**Aim of the task**
With every picture left out, give the data below back exactly.

**Data provided**
------------

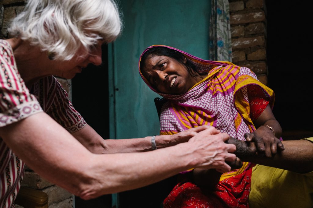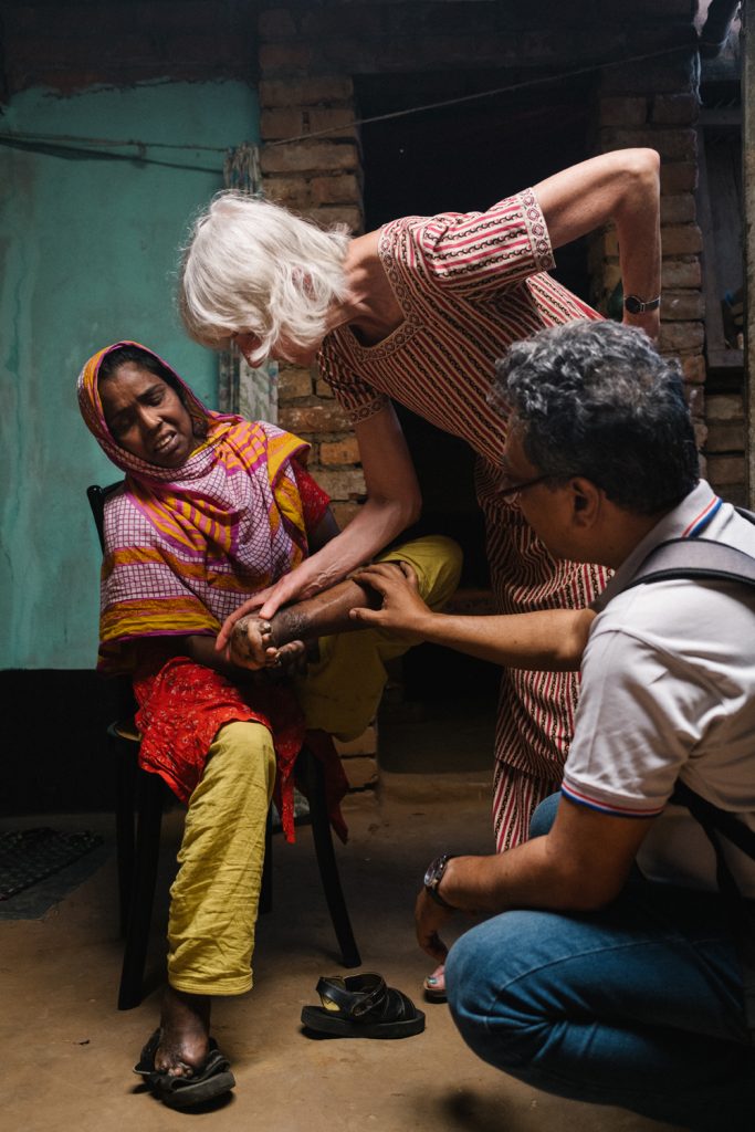 Prof Diana Lockwood and Md. Waheduzzaman Polu, the project director for Lepra in Bogura, take a look at the ulcers on Tohmina’s feet.
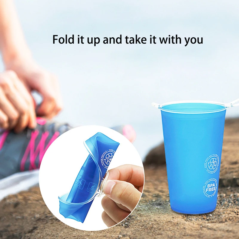HOT Foldable Cups Drinking Cups. 200ML Water Cup With Handle. 200ML BPA Free TPU Collapsible Soft Plastic Sports Water Bottle
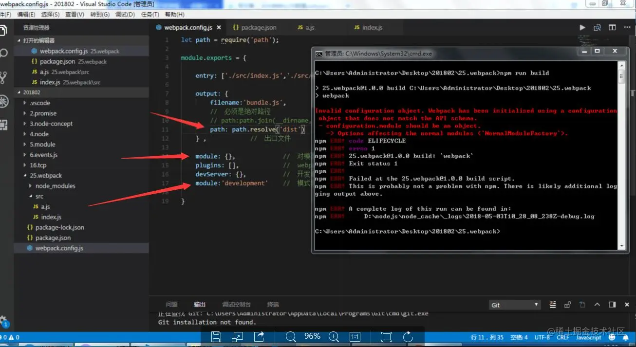 遇到的bug:单词写错报错。(无效的配置对象。 Webpack已经使用配置进行初始化 与API模式不匹配的对象。 - configuration.module应该是一个对象。 - >影响正常模块的选项(NormalModuleFactory)。)

------------

**Result for this task**
 Prof Diana Lockwood and Md. Waheduzzaman Polu, the project director for Lepra in Bogura, take a look at the ulcers on Tohmina’s feet.
HOT Foldable Cups Drinking Cups. 200ML Water Cup With Handle. 200ML BPA Free TPU Collapsible Soft Plastic Sports Water Bottle
 遇到的bug:单词写错报错。(无效的配置对象。 Webpack已经使用配置进行初始化 与API模式不匹配的对象。 - configuration.module应该是一个对象。 - >影响正常模块的选项(NormalModuleFactory)。)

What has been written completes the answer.